Task item: All of the data below is to be repeated exactly, except for the pictures.

Dataset section:
_ _ _ _

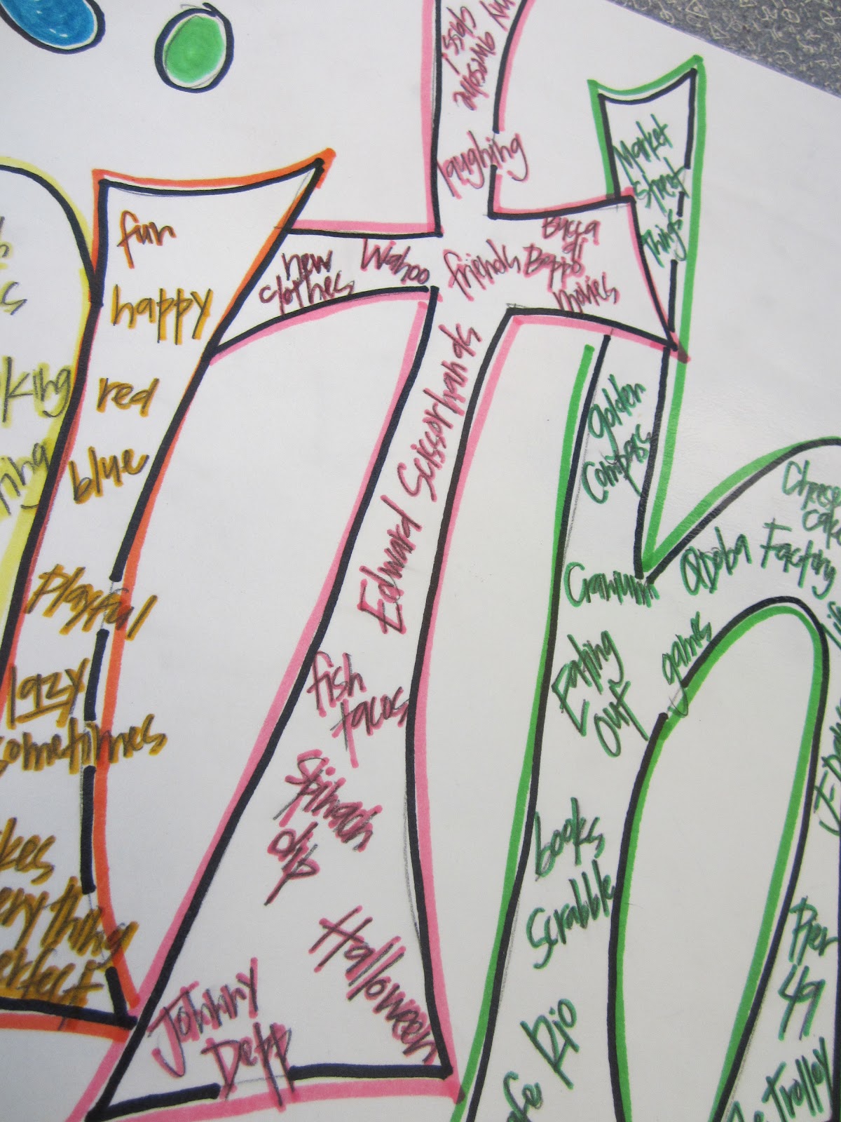 Step 6: When students are done with the words inside their letters they can add color and share their work with friends or a partner. This step is especially important if you’re using this activity after a break when students are dying to share what they did/where they went/a gift they received. You can have students put their grammatical name art around the room and have other students peruse these “gallery walk” style or do an inside/outside circle where students share words from their art until it’s time to rotate. As long as the kids feel like they got a chance to talk about whatever is exciting to them then you’re good to go.
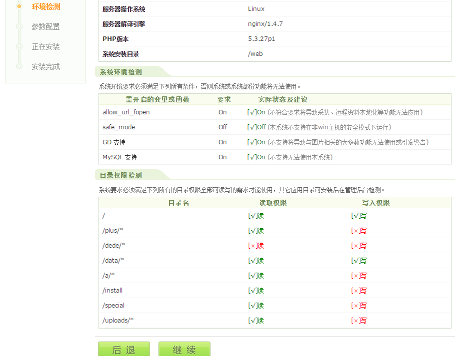 求助 AMH 4.2 安装dedecms 时提示写入权限不足问题
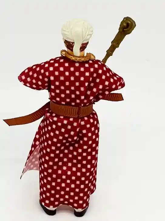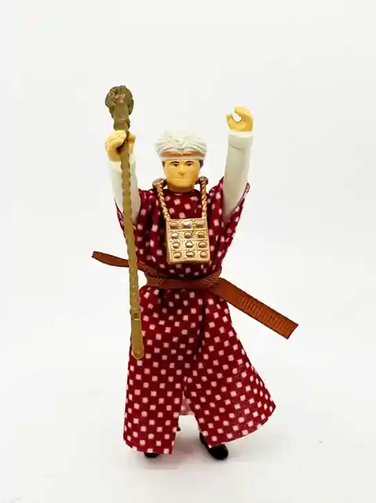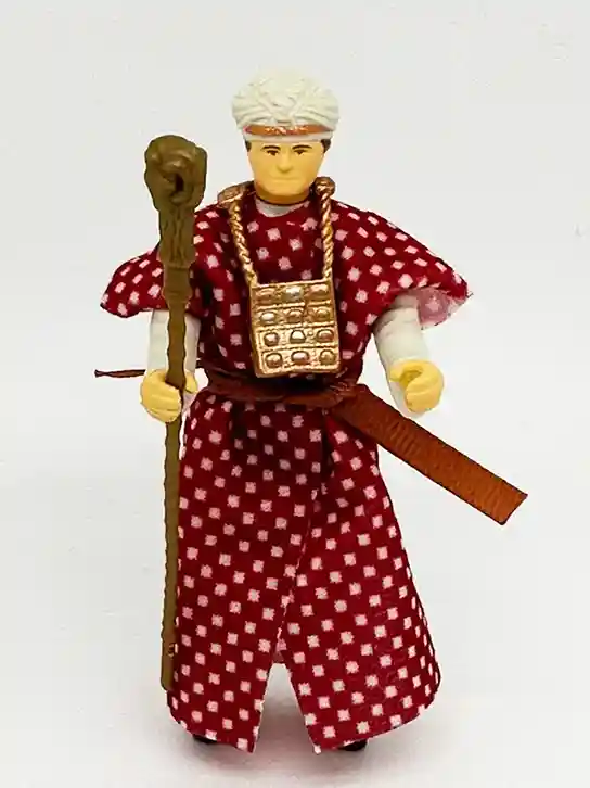 Belloq includes his golden staff and comes with a very detailed gold colored chest plate around his neck. The staff and chest plate both have a lot of very nice details sculpts on them. They chest plate has some circlular patterns sculpted into it that have some silver and copper accents. The staff has a ram head design.

_ _ _ _

Exercise solution:
 Step 6: When students are done with the words inside their letters they can add color and share their work with friends or a partner. This step is especially important if you’re using this activity after a break when students are dying to share what they did/where they went/a gift they received. You can have students put their grammatical name art around the room and have other students peruse these “gallery walk” style or do an inside/outside circle where students share words from their art until it’s time to rotate. As long as the kids feel like they got a chance to talk about whatever is exciting to them then you’re good to go.
 求助 AMH 4.2 安装dedecms 时提示写入权限不足问题
 Belloq includes his golden staff and comes with a very detailed gold colored chest plate around his neck. The staff and chest plate both have a lot of very nice details sculpts on them. They chest plate has some circlular patterns sculpted into it that have some silver and copper accents. The staff has a ram head design.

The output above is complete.